Scraping Hub eli5 post

Machine Learning and Statistical Learning are increasingly mainstream. People from all walks of life are finding all kinds of great new applications of known algorithms, and, as a result, most people have used a learning system without even being fully aware of it! These systems range from your Netflix recommendations (“Netflix just really gets me”) to your stock trade suggestions to the automated system you get when you call 1-800 numbers to simple games that try to guess what you are drawing.

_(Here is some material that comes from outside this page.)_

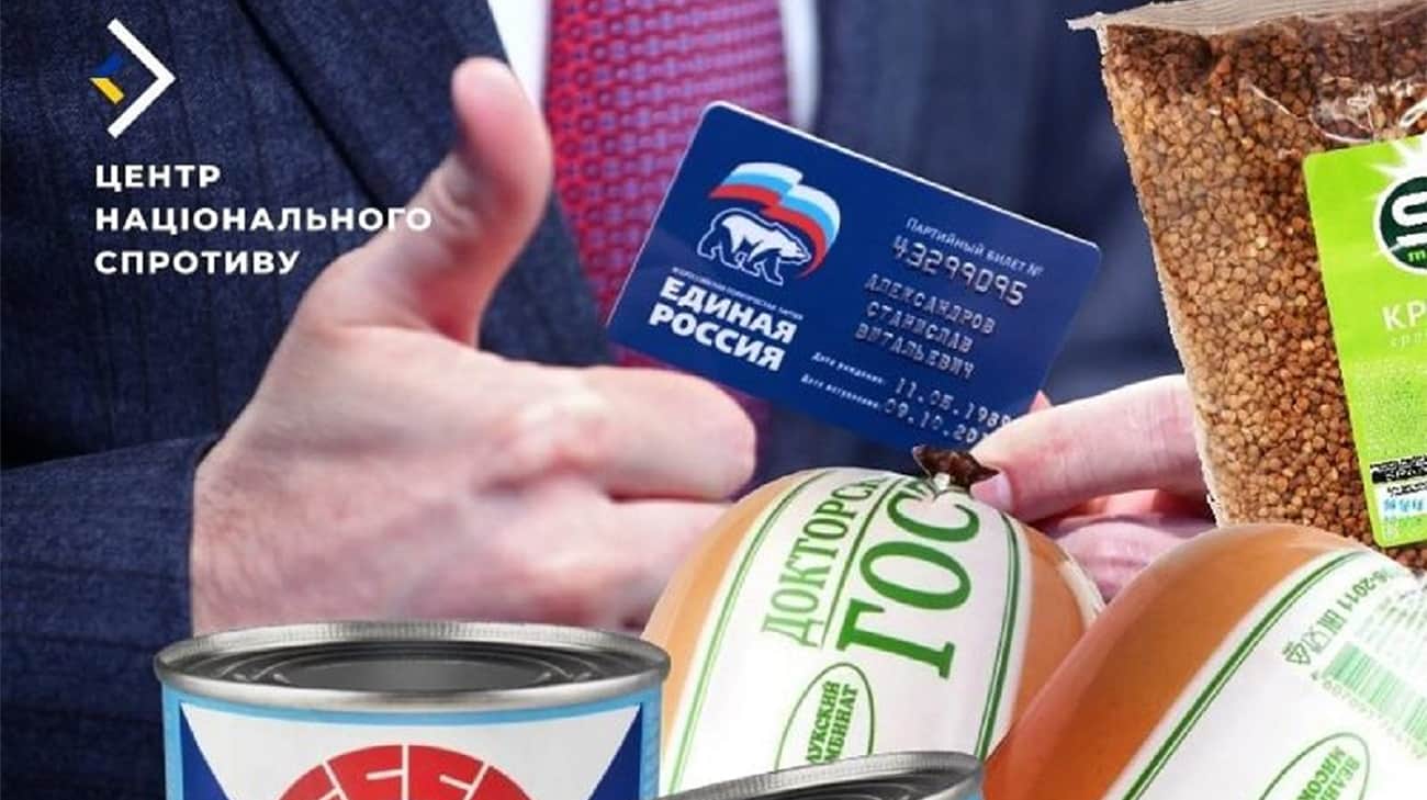 Russian occupation officials in Donetsk Oblast hand out humanitarian aid to people who join Putin’s United Russia party

While ML-based systems become ever more pervasive, our ability to understand them falls farther and farther behind -- a fact readily admitted by the data science community at large, btw. In some cases it’s not a huge deal if we don’t understand the outputs of an ML system. To be sure, what to watch on Netflix is important!! But if you watch the wrong show, it isn’t really a big deal (unless you’re Alex, in which case it is a HUGE FUCKING DEAL). If you invest in the wrong stocks, however, this could be a very costly mistake, so you probably want to know enough about why those suggestions are being made that you can trust them.

So, as learning systems are integrated further and further into our lives, how do we make sure we understand why specific decisions are being made? (Why does Netflix always think I like Pauly Shore movies? That was one time…) The difficulty with many learning algorithms is visualizing them under the hood, because the typical algorithm has very large lists of seemingly nonsense values, and this makes it pretty tricky to understand what it all means. A Neural Network stores information by setting the weights between neuron pairs. No matter how hard you try, looking at these numbers will never make sense to a human. If the system makes a mistake, the best you can do is add the situation to the training set, however even when you do this you can’t be sure that it will generalize to similar situations. One of the current strategies for explaining these systems is actually to wrap it in another ML system. This has been met with some success, but causes a bit of a chicken and an egg situation! Other methods try to map network weights to a set of domain rules. This, as it turns out, is really hard to do, but it can work okay.

Segues are weird. So anyway, Hyperion Gray is announcing a new tool: eli5, an awesome little library that gives you the ability to visualize what is going on under the hood of machine/statistical learning algorithms! eli5 (short for Explain Like I’m 5, a la reddit) was initially focused on explaining sklearn models, but has since been improved to include xgboost, lightgbm, and many more to come. eli5 is the brainchild of two Scrapinghub engineers, Mikhail and Konstantin, who we partner with on the DARPA Memex program. It was built out of our own need to understand our own machine learning based web crawlers and classifiers (and also, admittedly, out of a bid to this other DARPA program, which we didn’t win, but we built it anyway and it’s awesome so HA!), Turns out, it’s super useful to a lot of people, for a lot of things! The Scrapinghub guys also have written a more technical post on what eli5 is able to do, which you can find here.

Let’s talk a bit more about the situation that motivated us to build eli5 and how we’ve used it in our own projects.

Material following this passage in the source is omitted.